◆ **Dataset content**

-.-.-

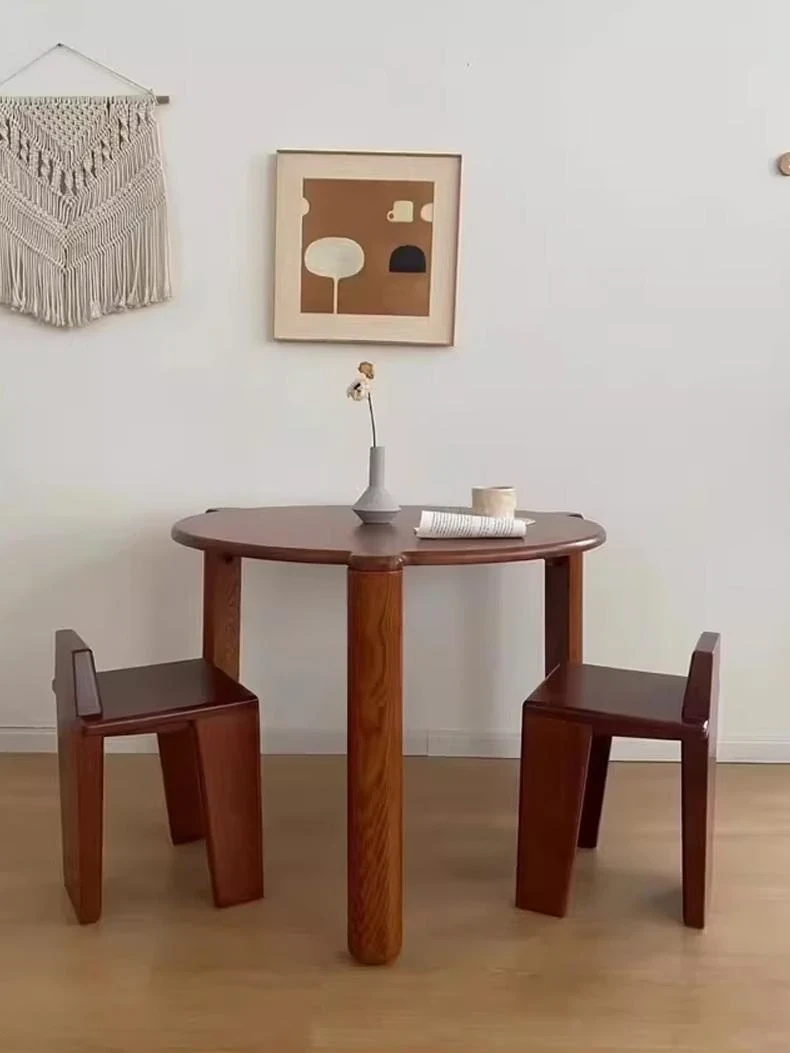 Vintage Solid Wood Dining Chair - Retro Island Stool with Backrest for Bedroom Vanity, Creative Design in Wabi-Sabi Style, Perfect for Cozy Home Décor.
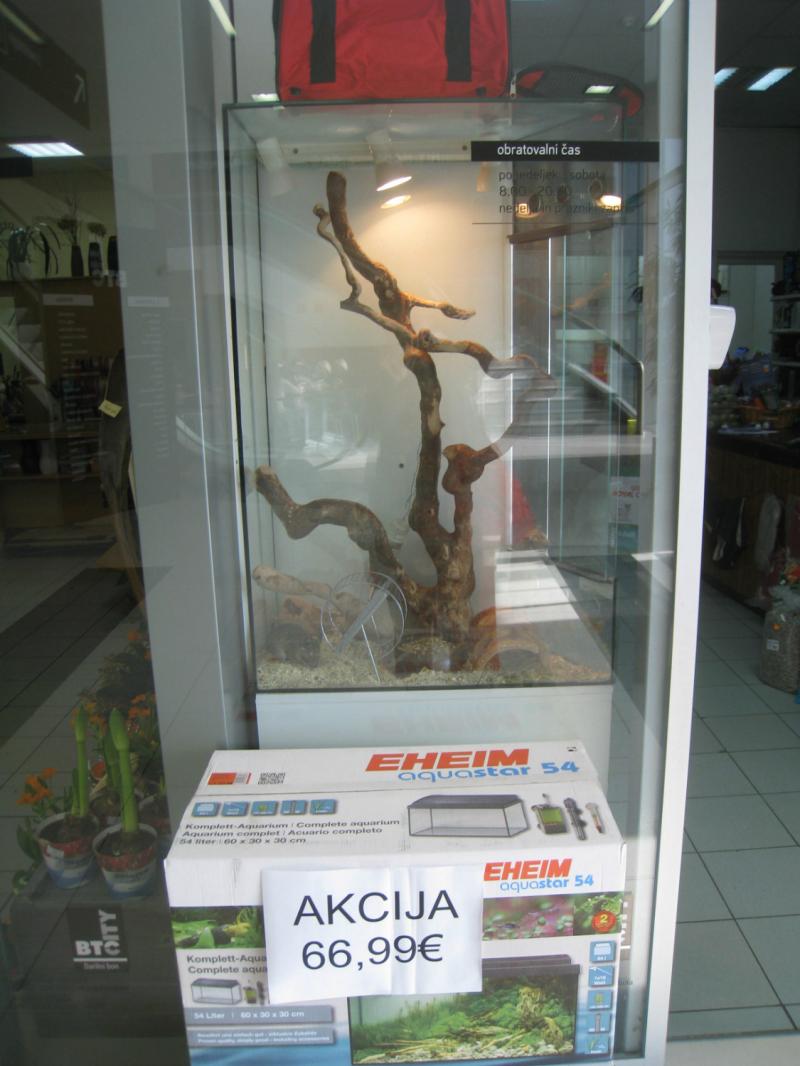 Druga trgovina je v BTC - Zoo Market, "trgovina za živali", ki bi morala biti imenovana "trgovina z živalmi". Majhna trgovina, v katero je natlačenih kup akvarijev in kletk, izbire glede opreme za živali pa skoraj ni. Nekaj časa so imeli na blagajniškem pultu majhen načičkan akvarij, primeren morda le za namizni dekor s kamenčki, v katerem je lebdela zlata riba. Povedala sem prodajalki, da je akvarij povsem neprimeren in premajhen zanjo, da zlata riba ne bi smela biti sama, saj gre za jatno žival. Vzvišeno me je zavrnila, da je vse dobro, ker "v vseh knjigah piše, da mora biti na 1 cm ribe 1 liter vode". Po tej logiki bi zlato ribo, ki doseže 40 cm, lahko imeli v 40 litrov vode? Zdrava pamet, izgubljeni zaklad ... Nato me je hotela kot majhnega otroka zamotiti s tem, da bo akvarijček tam le še en teden, nato ga bodo umaknili. Po nekaj tednih so ga res.
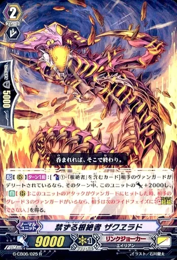 Japanese title: ヴァンガード/R/ノーマルユニット/リンクジョーカー/ヴァンガードG クランブースター 第6弾「混沌と救世の輪舞曲」 G-CB06/025[R]:禁ずる根絶者 ザクヱラド

-.-.-

◆ **Instructions to follow**
Quote the data above in full, leaving out the pictures it holds.

◆ **Written answer**
 Vintage Solid Wood Dining Chair - Retro Island Stool with Backrest for Bedroom Vanity, Creative Design in Wabi-Sabi Style, Perfect for Cozy Home Décor.
 Druga trgovina je v BTC - Zoo Market, "trgovina za živali", ki bi morala biti imenovana "trgovina z živalmi". Majhna trgovina, v katero je natlačenih kup akvarijev in kletk, izbire glede opreme za živali pa skoraj ni. Nekaj časa so imeli na blagajniškem pultu majhen načičkan akvarij, primeren morda le za namizni dekor s kamenčki, v katerem je lebdela zlata riba. Povedala sem prodajalki, da je akvarij povsem neprimeren in premajhen zanjo, da zlata riba ne bi smela biti sama, saj gre za jatno žival. Vzvišeno me je zavrnila, da je vse dobro, ker "v vseh knjigah piše, da mora biti na 1 cm ribe 1 liter vode". Po tej logiki bi zlato ribo, ki doseže 40 cm, lahko imeli v 40 litrov vode? Zdrava pamet, izgubljeni zaklad ... Nato me je hotela kot majhnega otroka zamotiti s tem, da bo akvarijček tam le še en teden, nato ga bodo umaknili. Po nekaj tednih so ga res.
 Japanese title: ヴァンガード/R/ノーマルユニット/リンクジョーカー/ヴァンガードG クランブースター 第6弾「混沌と救世の輪舞曲」 G-CB06/025[R]:禁ずる根絶者 ザクヱラド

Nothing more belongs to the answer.